26

13.8K 836 90
                                    

Sağlık problemlerim nedeniyle yaşanan gecikme için kusuruma bakmayın.

Orta kısımda bir flashback sahnesi mevcut. Kafa karışıklığı olmasın:) Keyifli okumalar ^^





Onu seviyor muymuşum? Sevmek mi? Ona tapıyordum. O gönlümün kederi, sevinci, ruhumun gıdasıydı. Hayatımın anlamı, soluk almamın nedeniydi. O benim delice tutkum, hiçbir zaman iyileşmeyecek yaramdı.

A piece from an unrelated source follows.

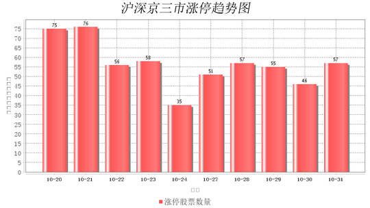 今日沪深京三市一共57支股票涨停,较上一个交易的46支增加11支。

Dylan kalesine geri döndüğünde siniri hala tam anlamıyla geçmiş değildi. O Henry Watson denen asalağı öldüremediği için büyük bir hayal kırıklığı yaşıyordu.

Hepsi Ethan'ın yüzündendi. Eğer Dylan o herifi öldürmek üzereyken yanına gelip kralın Grace'yi geri alacağını söylemeseydi, şu anda Dylan çok daha huzurlu bir adam olacaktı. Henry denen o asalak da ölü..

"Beni engellediğin için senden nefret ediyorum Ethan!" diye söylendi Dylan, arkadaşıyla birlikte salona geri döndüklerinde. "O herifi öldürmek istiyorum!"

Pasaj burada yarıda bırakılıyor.